Minimax Optimal Convergence of Gradient Descent in Logistic Regression via Large and Adaptive Stepsizes
Ruiqi Zhang, Jingfeng Wu, Licong Lin, Peter L. Bartlett
TL;DR
This work analyzes gradient descent with large, risk-adaptive stepsizes for logistic regression on linearly separable data, revealing that GD can enter an edge-of-stability regime to achieve exp(-Θ(η)) risk after a burn-in of 1/γ^2 steps, with η tunable to drive arbitrarily small risk. It provides and proves a minimax lower bound of Ω(1/γ^2) steps for both batch and online first-order methods to find a separator, establishing minimax optimality for the proposed method up to constants. The results extend to a broad class of losses and to certain two-layer networks, broadening the applicability beyond logistic regression.

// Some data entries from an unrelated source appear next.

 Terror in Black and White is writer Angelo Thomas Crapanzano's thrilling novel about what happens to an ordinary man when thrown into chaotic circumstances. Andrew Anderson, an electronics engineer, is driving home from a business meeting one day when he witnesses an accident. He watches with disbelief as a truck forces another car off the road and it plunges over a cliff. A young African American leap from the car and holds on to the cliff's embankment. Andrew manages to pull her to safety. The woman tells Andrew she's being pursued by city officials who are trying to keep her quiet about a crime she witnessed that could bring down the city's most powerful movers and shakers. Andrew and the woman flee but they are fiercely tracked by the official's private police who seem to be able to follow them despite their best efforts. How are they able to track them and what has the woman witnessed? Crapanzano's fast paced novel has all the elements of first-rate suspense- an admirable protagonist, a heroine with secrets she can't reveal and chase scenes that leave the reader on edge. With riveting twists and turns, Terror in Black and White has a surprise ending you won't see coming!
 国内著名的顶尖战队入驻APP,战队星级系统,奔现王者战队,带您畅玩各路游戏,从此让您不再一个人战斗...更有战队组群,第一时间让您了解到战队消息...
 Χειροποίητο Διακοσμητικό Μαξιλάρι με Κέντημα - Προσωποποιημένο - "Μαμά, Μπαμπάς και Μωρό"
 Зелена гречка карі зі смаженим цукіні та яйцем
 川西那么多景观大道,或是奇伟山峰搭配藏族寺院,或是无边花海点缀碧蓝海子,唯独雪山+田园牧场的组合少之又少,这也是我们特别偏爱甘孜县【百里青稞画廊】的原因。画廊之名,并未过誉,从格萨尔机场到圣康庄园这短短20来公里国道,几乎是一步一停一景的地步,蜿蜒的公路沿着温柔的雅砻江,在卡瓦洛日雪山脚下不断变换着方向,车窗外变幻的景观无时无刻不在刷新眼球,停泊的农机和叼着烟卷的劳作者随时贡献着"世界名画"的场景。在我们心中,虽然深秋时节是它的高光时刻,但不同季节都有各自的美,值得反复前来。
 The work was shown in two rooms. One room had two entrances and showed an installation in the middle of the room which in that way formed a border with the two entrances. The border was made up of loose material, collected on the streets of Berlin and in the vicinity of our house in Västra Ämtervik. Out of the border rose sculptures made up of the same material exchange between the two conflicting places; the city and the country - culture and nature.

Through a transformed objective analysis and split-optimization techniques, the paper shows how large adaptive steps can dramatically accelerate convergence while also clarifying the trade-offs with descent-lemma-based methods, and it situates these findings within the broader literature on EoS and aggressive stepsize strategies.
Abstract
We study $\textit{gradient descent}$ (GD) for logistic regression on linearly separable data with stepsizes that adapt to the current risk, scaled by a constant hyperparameter $η$. We show that after at most $1/γ^2$ burn-in steps, GD achieves a risk upper bounded by $\exp(-Θ(η))$, where $γ$ is the margin of the dataset. As $η$ can be arbitrarily large, GD attains an arbitrarily small risk $\textit{immediately after the burn-in steps}$, though the risk evolution may be $\textit{non-monotonic}$. We further construct hard datasets with margin $γ$, where any batch (or online) first-order method requires $Ω(1/γ^2)$ steps to find a linear separator. Thus, GD with large, adaptive stepsizes is $\textit{minimax optimal}$ among first-order batch methods. Notably, the classical $\textit{Perceptron}$ (Novikoff, 1962), a first-order online method, also achieves a step complexity of $1/γ^2$, matching GD even in constants. Finally, our GD analysis extends to a broad class of loss functions and certain two-layer networks.